Freezing and heating. As discussed in sections on jars and bags, and CO2, freezing is a preferred method of killing insect specimens. Most specimens will die over night but some cold resistant insects may require a week or more to die. Kept frozen, specimens do not dry out and can later be processed by pinning and mounting them, eliminating the need for a “relaxing jar” or procedure. Once the specimen is thawed, legs and wings can be moved to position them before letting them dry for display. They will also retain color patterns such as eye colors in horse and deer flies that quickly fade when the specimen dries. Insects can also be killed by heating them above about 135 degrees F, which happens when insect-containing containers are placed on the dash board of a car in the sunlight. However, heated specimens become overactive and will be more likely to injure themselves in the process. It is also cruel!
Killing jar. Usually in field work, insects are collected into a killing jar. Killing jars may be in any size but seldom need to be larger than a pint. Select a jar with a tight fitting lid. Killing jars can be made simply by adding a few strips of paper towels to a jar and then adding a few drops of ethyl acetate. Most nail polish remover has ethyl acetate as its main ingredient and can be used rather than specially ordering ethyl acetate (Note: some species like grasshoppers may kick off their hind legs in the process of dying in these poisonous fumes). The paper allows insects in the jar to keep separated and also picks up excess moisture. More permanent killing jars are made with a layer of vermiculite topped with a layer of plaster of Paris (mixed with water) then allowed to dry. The exterior of the bottom of the jar can be covered with fiber tape or duct tape for additional support. Label the jar clearly with a poison notice. Avoid putting moths in the same killing jar with other insects. It is best to keep a separate jar for this group because scales from the wings rub off easily and will adhere to the other insects in the jar.
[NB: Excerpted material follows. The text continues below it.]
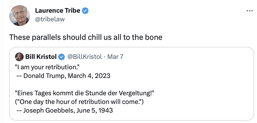 As eminent Harvard Law professor Laurence Tribe said in a retweet of a Bill Kristol post, “These parallels should chill us to the bone.”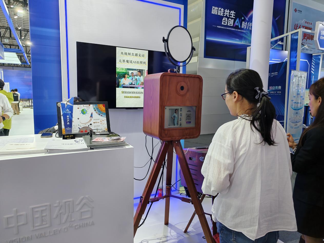觀(guān)眾體驗(yàn)中國視谷的無(wú)界魔鏡AI拍照機(jī),其內(nèi)置數(shù)百款風(fēng)(fēng)格迥異的寫(xiě)真模板,依托AI視覺(jué)大模型,具備強(qiáng)大的影像生成能力。中國經(jīng)(jīng)濟(jì)網(wǎng)(wǎng)記者李方/攝

Papered specimens. Butterflies can be immobilized or killed while in the aerial net. Grab and squeeze the specimen by the thorax between the thumb and forefinger with the wings folded over the back. The butterfly will be stunned or killed, depending on force of squeezing and time. Thereafter, specimens can be slipped into a glassine envelope or paper “triangle” (see description below). Specimens can be stored in this manner or mounted, either directly or after “relaxing” the specimen. Dragonflies and damsel flies can also be stored in this manner.
Alcohol. Although alcohols, such as rubbing alcohol or 70% ethyl alcohol (7 parts absolute alcohol in 3 parts distilled water) makes an ideal killing fluid for many (soft-bodied) insect specimens, and is an excellent fluid to store preserved specimens, many soft-bodied insects need to be preserved in a different solution before storage in alcohol-filled vials (see Boiling larvae and KAAD sections). Lower concentrations of alcohol are less effective and some specimens will lose more color or turn black over time when stored in diluted fluid. Alcohol evaporates easily. When storing insects in vials of alcohol, containers must be examined periodically and fluid replenished if needed. Tight seals on caps can reduce evaporation rates.
Boiling larvae and KAAD. Many insects, especially caterpillars, lose their color when preserved directly in alcohol. To improve the appearance of these insects they may be killed in boiling water for a few seconds or first killed in a solution called KAAD (available from a source of entomological supplies). KAAD consists of a solution of: 1 part kerosene, 7-10 parts 95% ethyl alcohol, 2 parts glacial acetic acid and 1 part dioxane.
Freeze drying. Larval stages of butterflies and moths can be preserved dry (versus in alcohol after being preserved in boiling water or KAAD) by freeze-drying them in a vaccum. Specimens retain color and hair (setae) patterns better using this method. Special equipment is required, however.